* Your objective:
Copy out the data below as written; omit any images.

* Given material:
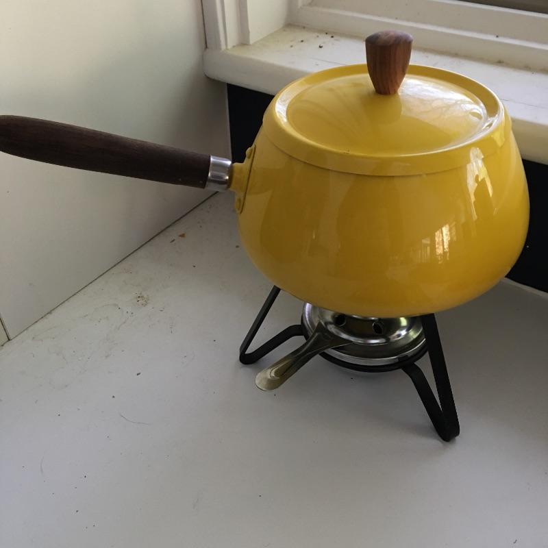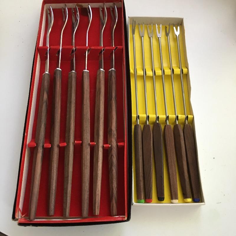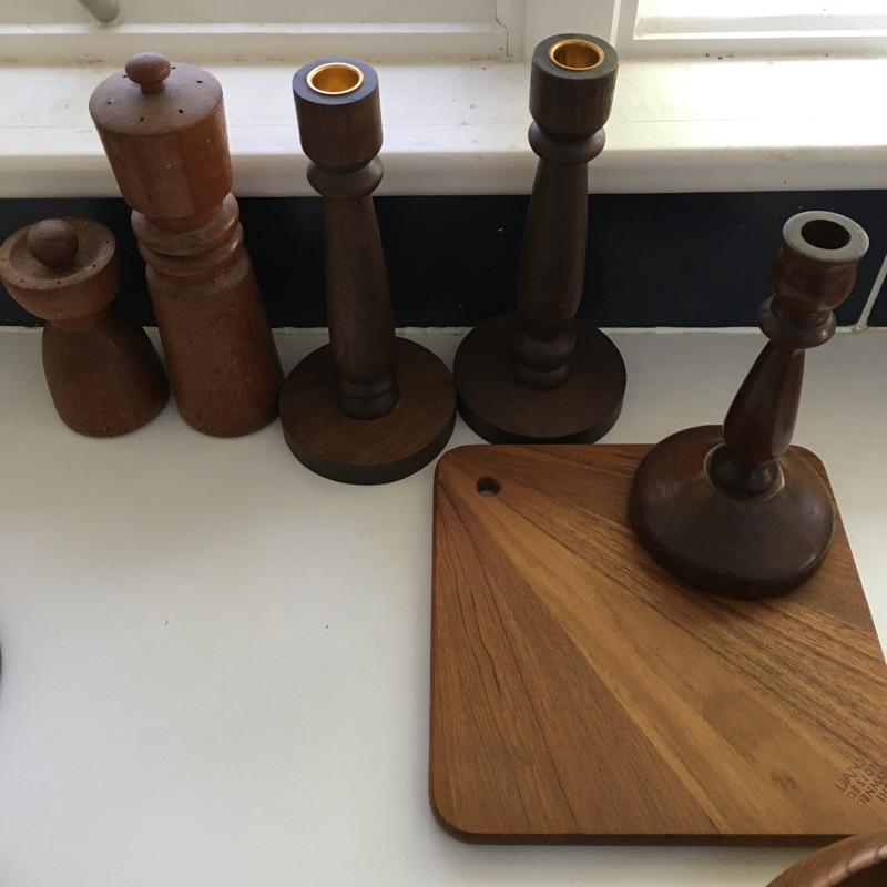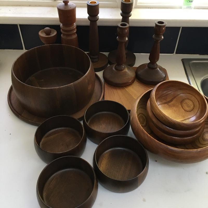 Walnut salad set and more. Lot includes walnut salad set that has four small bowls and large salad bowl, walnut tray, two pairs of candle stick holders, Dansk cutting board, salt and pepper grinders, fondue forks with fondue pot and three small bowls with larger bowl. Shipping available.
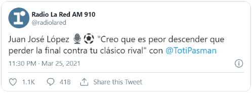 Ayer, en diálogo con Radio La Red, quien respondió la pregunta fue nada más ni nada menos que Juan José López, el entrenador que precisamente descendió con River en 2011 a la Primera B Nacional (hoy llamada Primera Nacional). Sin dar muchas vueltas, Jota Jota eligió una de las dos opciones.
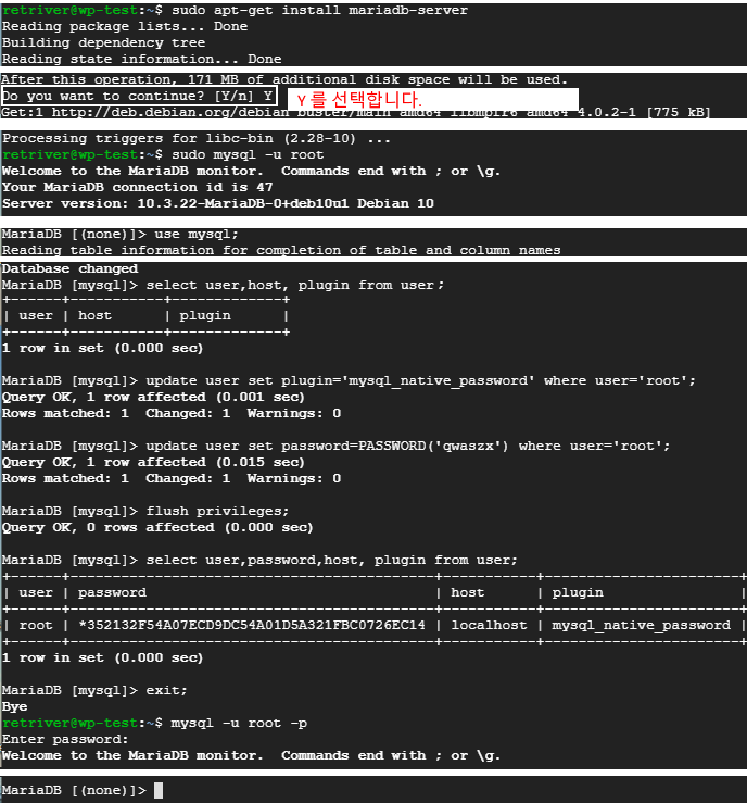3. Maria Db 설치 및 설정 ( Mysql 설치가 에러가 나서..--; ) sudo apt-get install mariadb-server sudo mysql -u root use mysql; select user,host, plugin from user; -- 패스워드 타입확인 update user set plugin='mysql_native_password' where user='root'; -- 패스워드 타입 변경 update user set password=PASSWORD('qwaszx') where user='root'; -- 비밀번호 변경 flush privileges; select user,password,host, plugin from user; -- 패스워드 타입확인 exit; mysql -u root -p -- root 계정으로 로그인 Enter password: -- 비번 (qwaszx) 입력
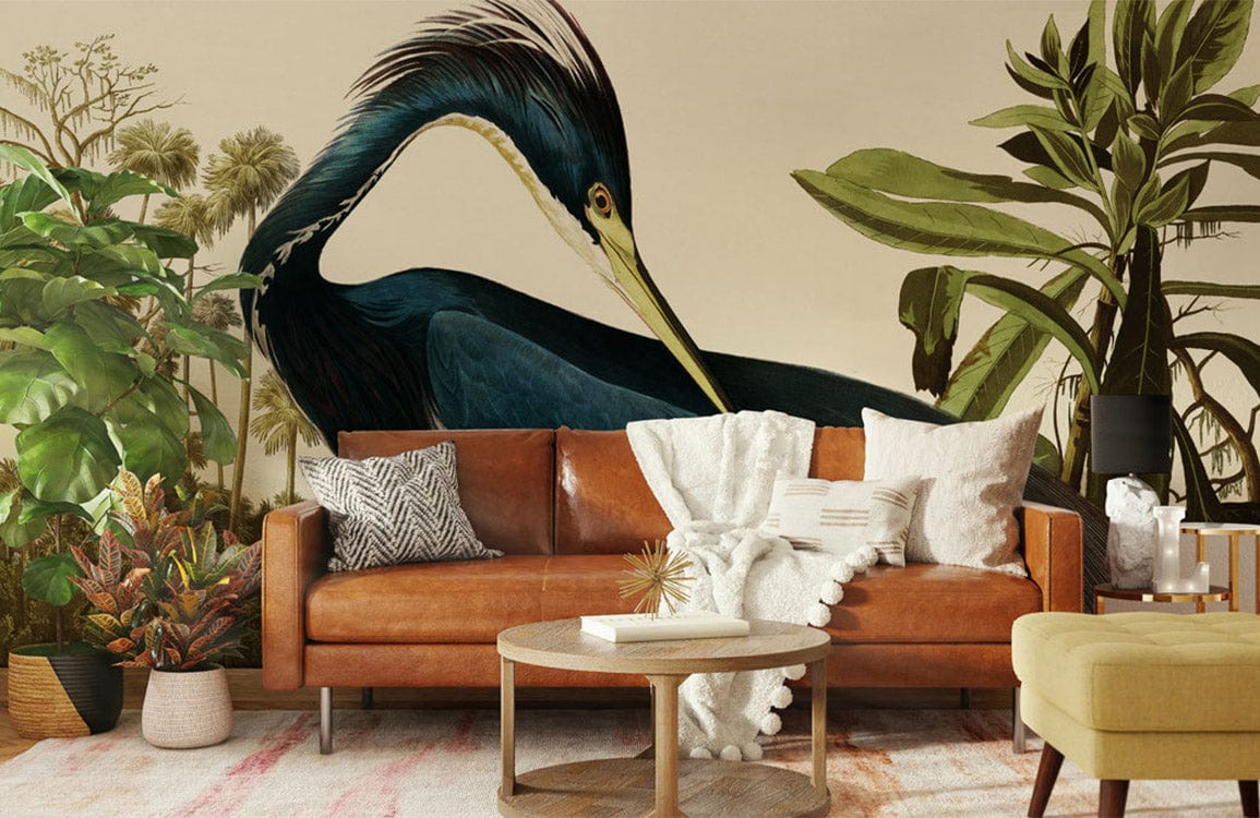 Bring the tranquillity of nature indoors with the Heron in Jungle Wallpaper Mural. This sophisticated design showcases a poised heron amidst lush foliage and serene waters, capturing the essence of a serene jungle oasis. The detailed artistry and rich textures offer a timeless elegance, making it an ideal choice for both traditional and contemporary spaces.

* Reply:
 Walnut salad set and more. Lot includes walnut salad set that has four small bowls and large salad bowl, walnut tray, two pairs of candle stick holders, Dansk cutting board, salt and pepper grinders, fondue forks with fondue pot and three small bowls with larger bowl. Shipping available.
 Ayer, en diálogo con Radio La Red, quien respondió la pregunta fue nada más ni nada menos que Juan José López, el entrenador que precisamente descendió con River en 2011 a la Primera B Nacional (hoy llamada Primera Nacional). Sin dar muchas vueltas, Jota Jota eligió una de las dos opciones.
3. Maria Db 설치 및 설정 ( Mysql 설치가 에러가 나서..--; ) sudo apt-get install mariadb-server sudo mysql -u root use mysql; select user,host, plugin from user; -- 패스워드 타입확인 update user set plugin='mysql_native_password' where user='root'; -- 패스워드 타입 변경 update user set password=PASSWORD('qwaszx') where user='root'; -- 비밀번호 변경 flush privileges; select user,password,host, plugin from user; -- 패스워드 타입확인 exit; mysql -u root -p -- root 계정으로 로그인 Enter password: -- 비번 (qwaszx) 입력
 Bring the tranquillity of nature indoors with the Heron in Jungle Wallpaper Mural. This sophisticated design showcases a poised heron amidst lush foliage and serene waters, capturing the essence of a serene jungle oasis. The detailed artistry and rich textures offer a timeless elegance, making it an ideal choice for both traditional and contemporary spaces.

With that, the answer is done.